TASK GOAL
Working from the records below, return word for word the line that contains "दर भाउ पेश गर्ने सम्बन्धी सूचना।" and each line after it, ending with the last. Skip all pictures.
----- RECORDS TO USE
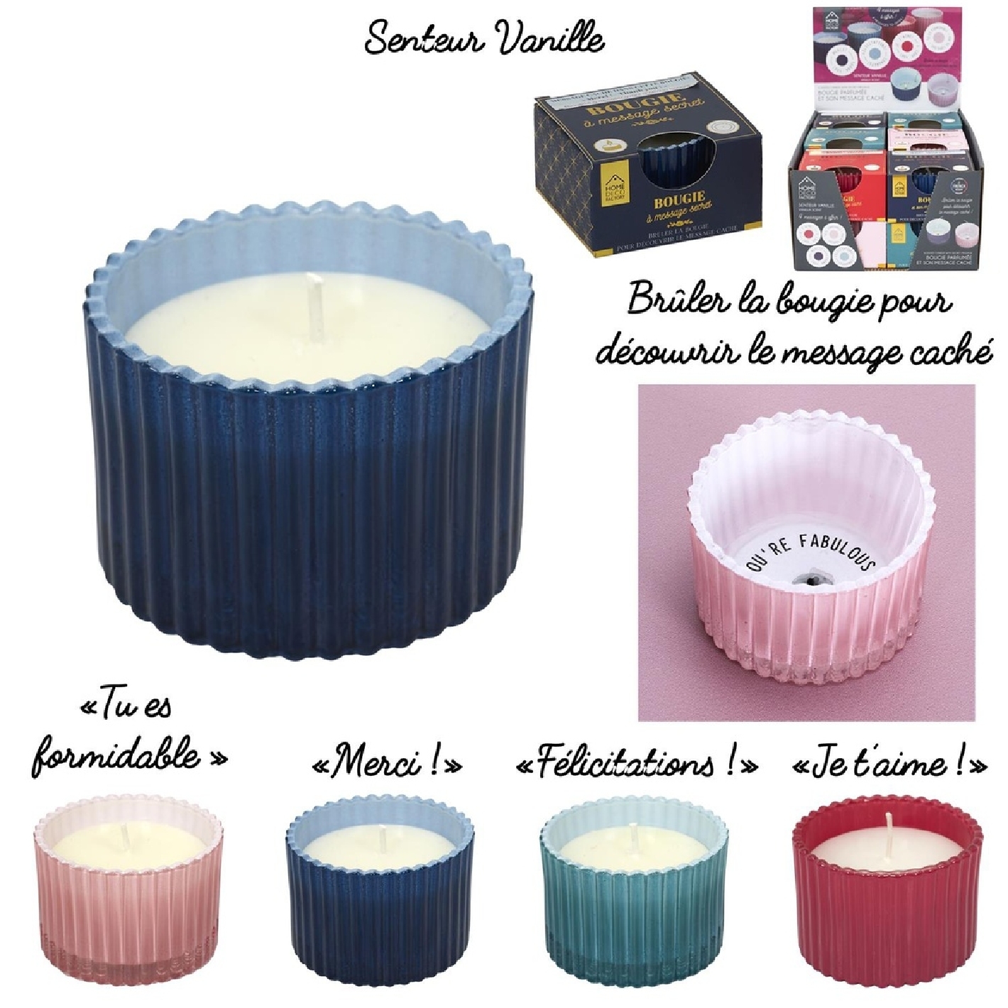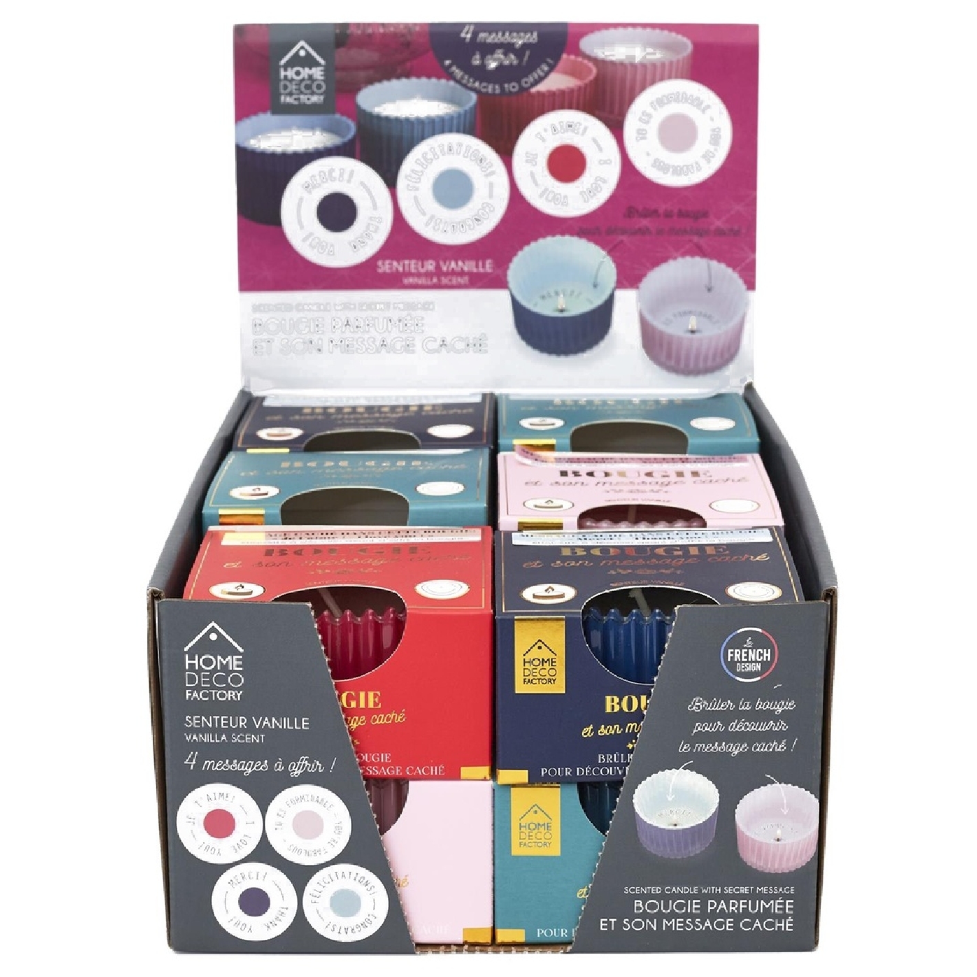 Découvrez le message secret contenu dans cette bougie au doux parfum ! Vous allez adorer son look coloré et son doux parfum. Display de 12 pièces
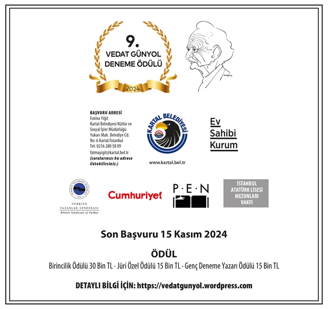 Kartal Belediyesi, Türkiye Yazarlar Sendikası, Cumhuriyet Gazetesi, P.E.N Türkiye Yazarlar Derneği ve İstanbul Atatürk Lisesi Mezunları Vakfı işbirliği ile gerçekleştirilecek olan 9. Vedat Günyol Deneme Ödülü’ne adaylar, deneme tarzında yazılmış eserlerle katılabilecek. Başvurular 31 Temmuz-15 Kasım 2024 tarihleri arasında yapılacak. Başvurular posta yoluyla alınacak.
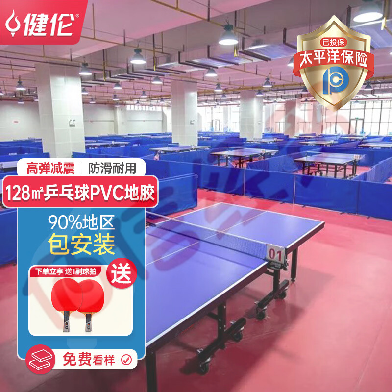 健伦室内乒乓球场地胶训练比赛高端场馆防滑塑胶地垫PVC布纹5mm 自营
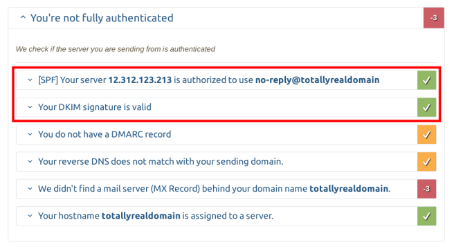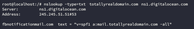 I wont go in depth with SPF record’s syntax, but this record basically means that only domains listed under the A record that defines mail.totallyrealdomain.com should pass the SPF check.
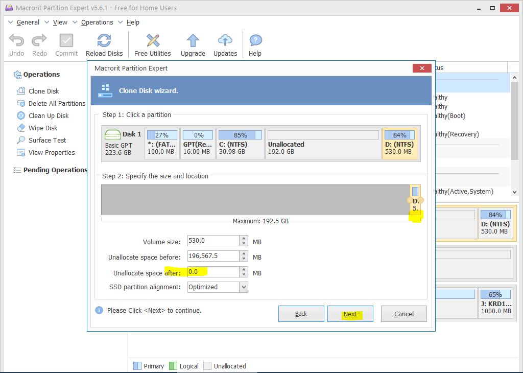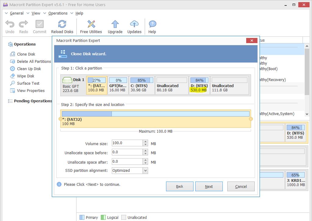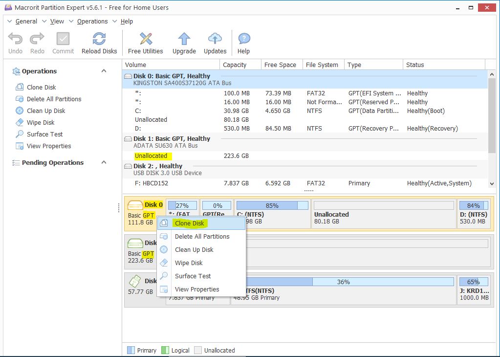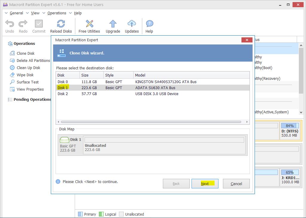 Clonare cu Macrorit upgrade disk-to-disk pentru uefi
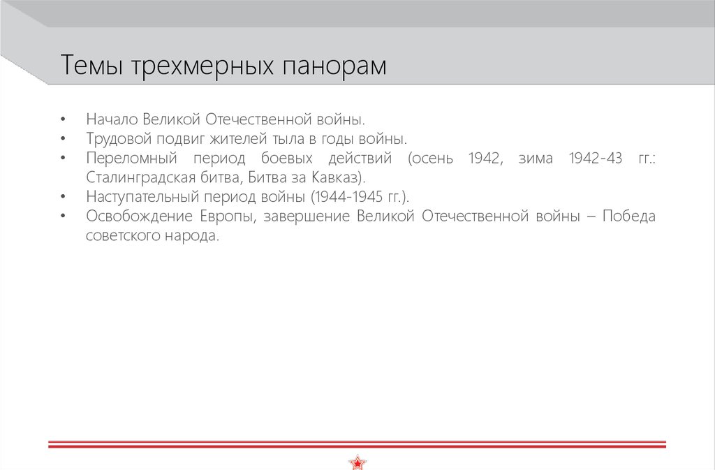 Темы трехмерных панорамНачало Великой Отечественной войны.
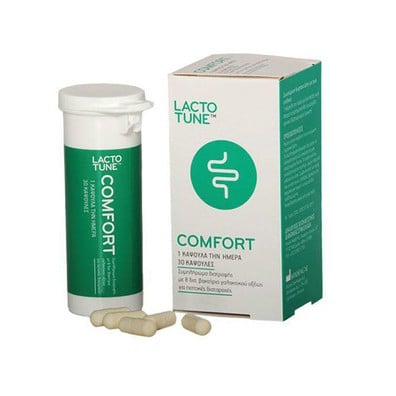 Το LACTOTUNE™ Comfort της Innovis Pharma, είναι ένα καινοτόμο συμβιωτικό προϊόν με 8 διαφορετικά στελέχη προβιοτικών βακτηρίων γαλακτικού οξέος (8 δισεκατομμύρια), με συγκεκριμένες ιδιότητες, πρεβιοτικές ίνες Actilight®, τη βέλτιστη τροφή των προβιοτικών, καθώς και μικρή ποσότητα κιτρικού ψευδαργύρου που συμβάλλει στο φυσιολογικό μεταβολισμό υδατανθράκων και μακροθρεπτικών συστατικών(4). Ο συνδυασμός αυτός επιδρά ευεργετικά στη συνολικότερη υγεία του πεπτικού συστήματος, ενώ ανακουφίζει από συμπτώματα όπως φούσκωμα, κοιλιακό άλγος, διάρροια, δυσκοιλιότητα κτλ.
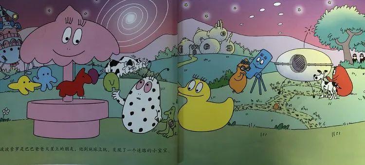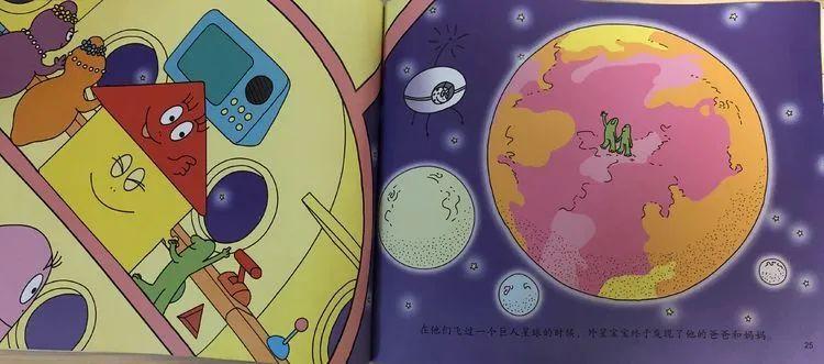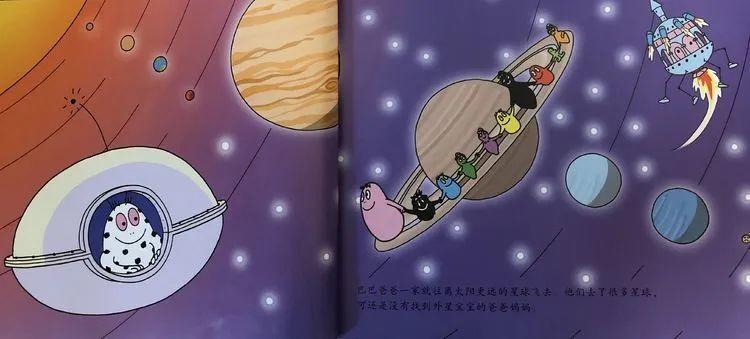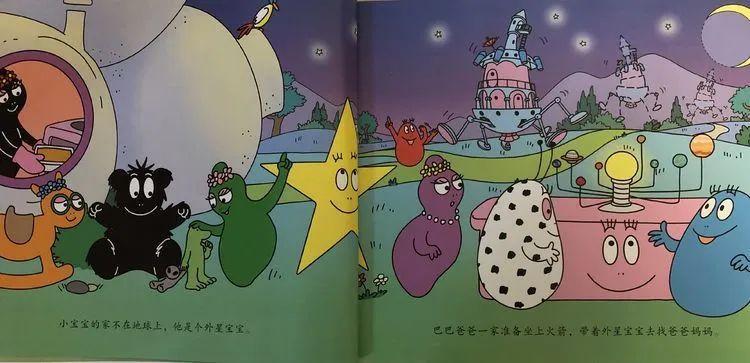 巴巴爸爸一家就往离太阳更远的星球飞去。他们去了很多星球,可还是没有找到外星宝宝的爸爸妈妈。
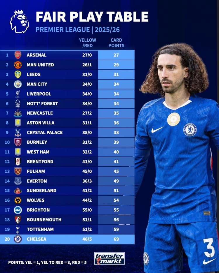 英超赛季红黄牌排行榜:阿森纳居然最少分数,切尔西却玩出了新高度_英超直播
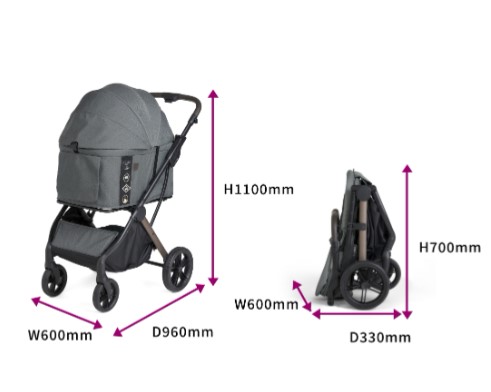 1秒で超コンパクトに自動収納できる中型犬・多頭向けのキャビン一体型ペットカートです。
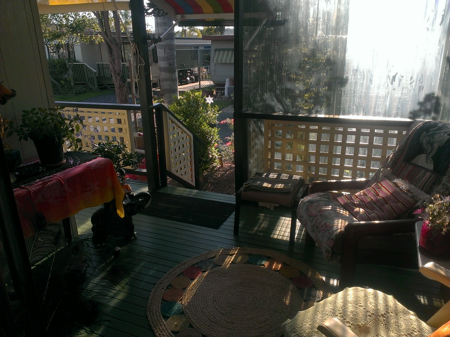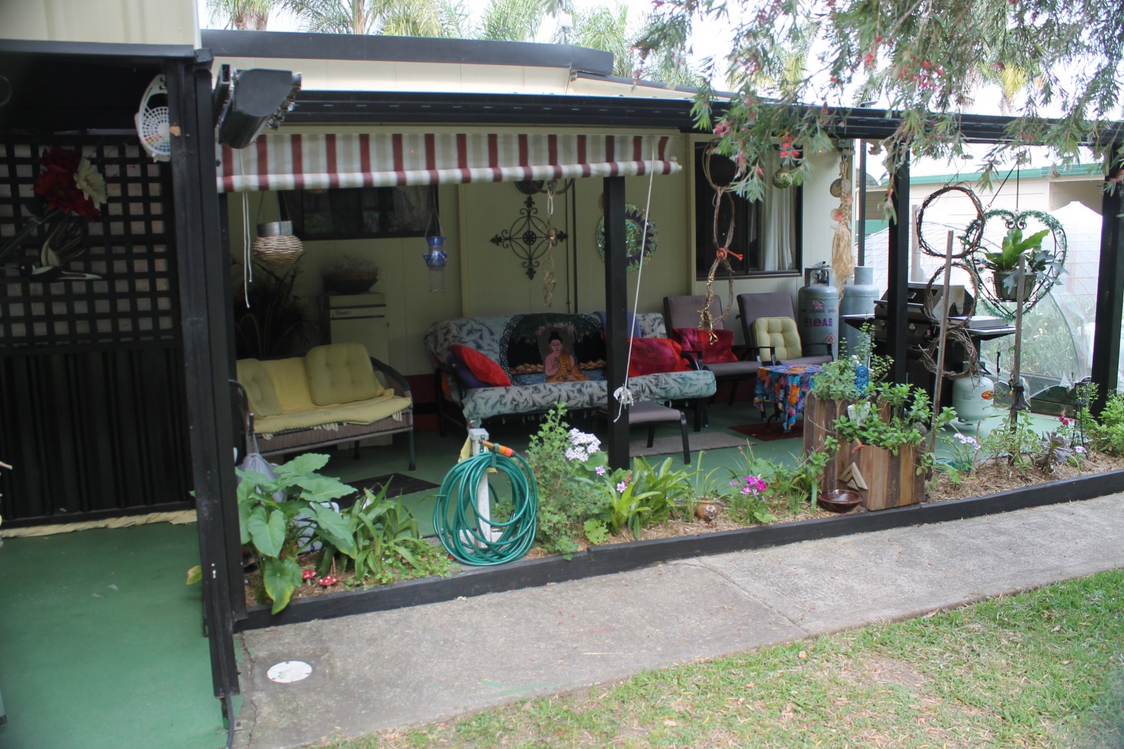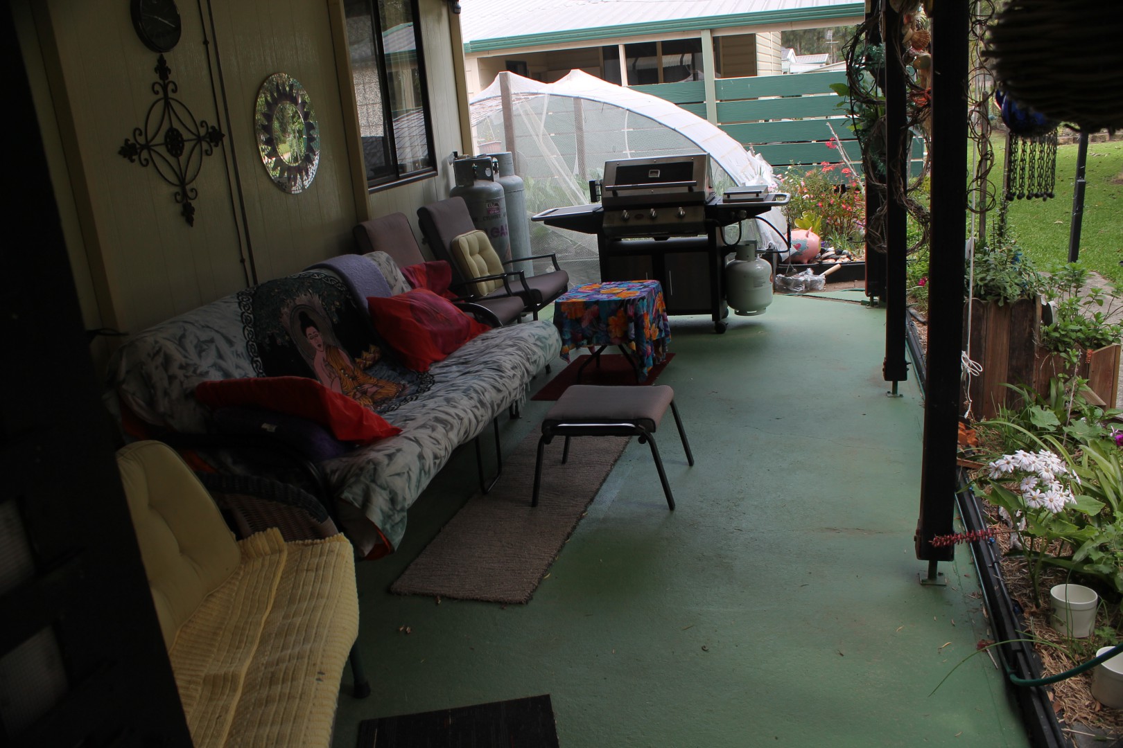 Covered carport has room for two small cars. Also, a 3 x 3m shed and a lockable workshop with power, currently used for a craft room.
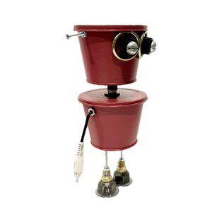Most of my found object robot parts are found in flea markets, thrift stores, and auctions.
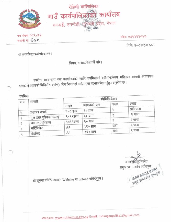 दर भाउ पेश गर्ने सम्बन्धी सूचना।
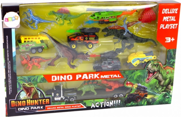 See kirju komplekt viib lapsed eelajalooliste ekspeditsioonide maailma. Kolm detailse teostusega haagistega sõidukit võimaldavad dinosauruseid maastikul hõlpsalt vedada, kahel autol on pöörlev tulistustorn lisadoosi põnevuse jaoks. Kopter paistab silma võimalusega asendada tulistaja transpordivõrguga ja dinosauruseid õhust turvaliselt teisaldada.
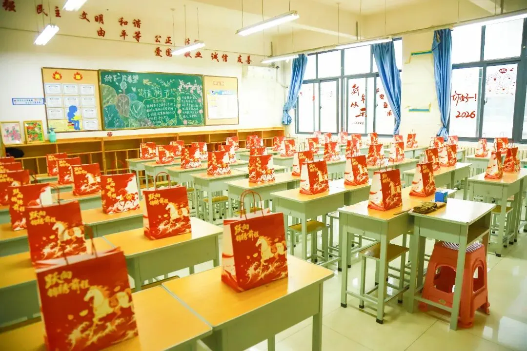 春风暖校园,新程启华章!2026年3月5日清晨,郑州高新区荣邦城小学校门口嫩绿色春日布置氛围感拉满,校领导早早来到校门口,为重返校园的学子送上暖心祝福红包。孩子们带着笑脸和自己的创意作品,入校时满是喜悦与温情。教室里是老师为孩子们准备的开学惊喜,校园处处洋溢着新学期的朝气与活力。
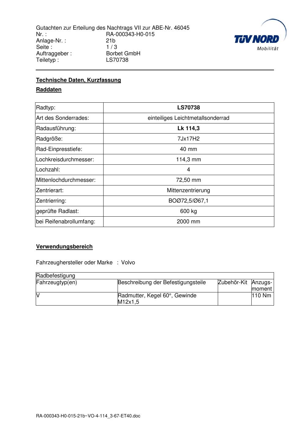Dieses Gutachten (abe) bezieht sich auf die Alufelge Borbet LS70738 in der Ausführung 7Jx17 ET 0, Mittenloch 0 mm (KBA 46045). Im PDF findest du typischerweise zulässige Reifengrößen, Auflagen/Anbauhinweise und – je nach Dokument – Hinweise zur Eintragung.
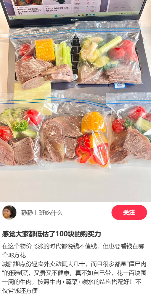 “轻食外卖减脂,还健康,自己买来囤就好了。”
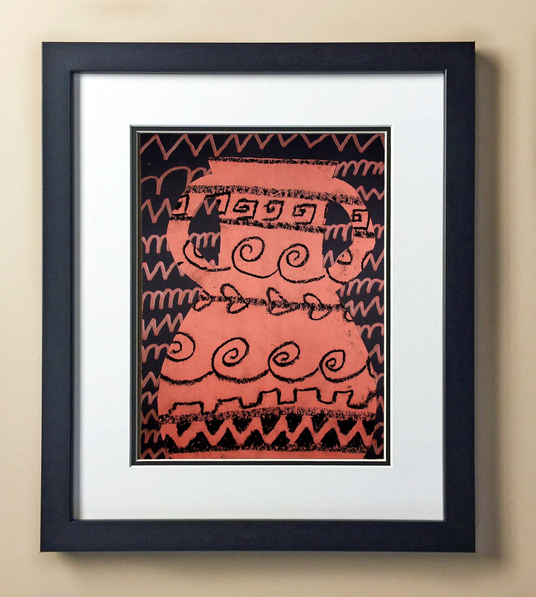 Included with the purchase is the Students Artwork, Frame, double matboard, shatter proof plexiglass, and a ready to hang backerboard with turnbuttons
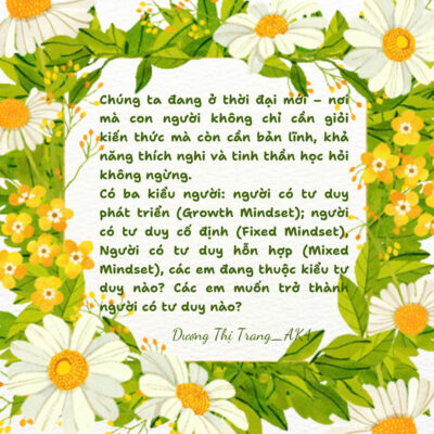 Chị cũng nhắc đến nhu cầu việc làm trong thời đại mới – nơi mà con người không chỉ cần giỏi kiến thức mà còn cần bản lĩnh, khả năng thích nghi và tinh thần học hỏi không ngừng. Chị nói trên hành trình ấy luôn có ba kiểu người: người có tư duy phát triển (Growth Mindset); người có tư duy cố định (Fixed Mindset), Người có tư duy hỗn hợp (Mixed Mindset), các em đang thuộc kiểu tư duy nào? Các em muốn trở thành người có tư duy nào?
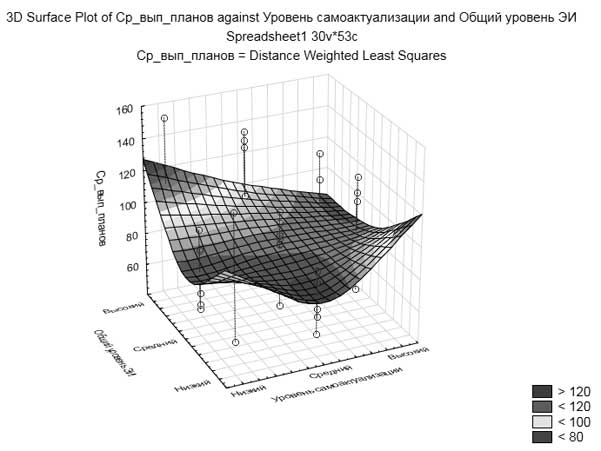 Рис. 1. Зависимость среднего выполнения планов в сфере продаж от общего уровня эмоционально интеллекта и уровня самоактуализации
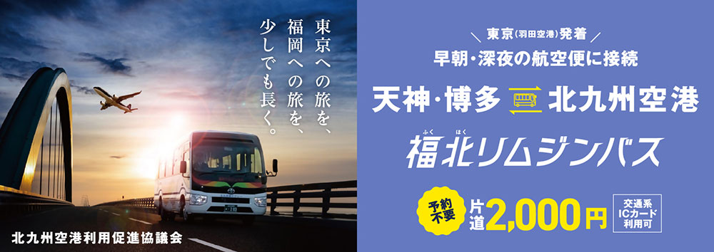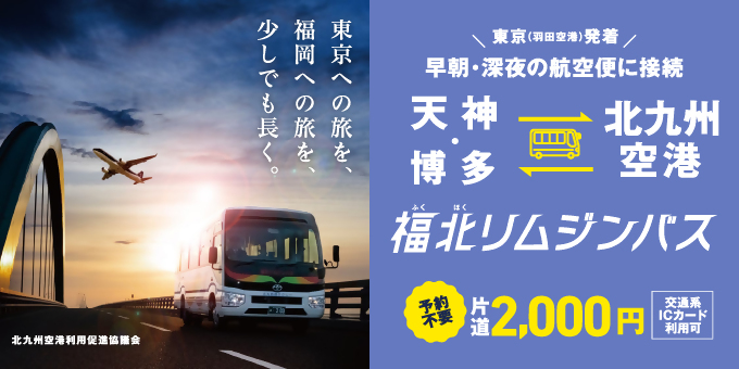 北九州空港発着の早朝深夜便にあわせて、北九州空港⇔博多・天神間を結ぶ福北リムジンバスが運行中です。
----------
SOLUTION BELOW
 दर भाउ पेश गर्ने सम्बन्धी सूचना।
 See kirju komplekt viib lapsed eelajalooliste ekspeditsioonide maailma. Kolm detailse teostusega haagistega sõidukit võimaldavad dinosauruseid maastikul hõlpsalt vedada, kahel autol on pöörlev tulistustorn lisadoosi põnevuse jaoks. Kopter paistab silma võimalusega asendada tulistaja transpordivõrguga ja dinosauruseid õhust turvaliselt teisaldada.
 春风暖校园,新程启华章!2026年3月5日清晨,郑州高新区荣邦城小学校门口嫩绿色春日布置氛围感拉满,校领导早早来到校门口,为重返校园的学子送上暖心祝福红包。孩子们带着笑脸和自己的创意作品,入校时满是喜悦与温情。教室里是老师为孩子们准备的开学惊喜,校园处处洋溢着新学期的朝气与活力。
Dieses Gutachten (abe) bezieht sich auf die Alufelge Borbet LS70738 in der Ausführung 7Jx17 ET 0, Mittenloch 0 mm (KBA 46045). Im PDF findest du typischerweise zulässige Reifengrößen, Auflagen/Anbauhinweise und – je nach Dokument – Hinweise zur Eintragung.
 “轻食外卖减脂,还健康,自己买来囤就好了。”
 Included with the purchase is the Students Artwork, Frame, double matboard, shatter proof plexiglass, and a ready to hang backerboard with turnbuttons
 Chị cũng nhắc đến nhu cầu việc làm trong thời đại mới – nơi mà con người không chỉ cần giỏi kiến thức mà còn cần bản lĩnh, khả năng thích nghi và tinh thần học hỏi không ngừng. Chị nói trên hành trình ấy luôn có ba kiểu người: người có tư duy phát triển (Growth Mindset); người có tư duy cố định (Fixed Mindset), Người có tư duy hỗn hợp (Mixed Mindset), các em đang thuộc kiểu tư duy nào? Các em muốn trở thành người có tư duy nào?
 Рис. 1. Зависимость среднего выполнения планов в сфере продаж от общего уровня эмоционально интеллекта и уровня самоактуализации
 北九州空港発着の早朝深夜便にあわせて、北九州空港⇔博多・天神間を結ぶ福北リムジンバスが運行中です。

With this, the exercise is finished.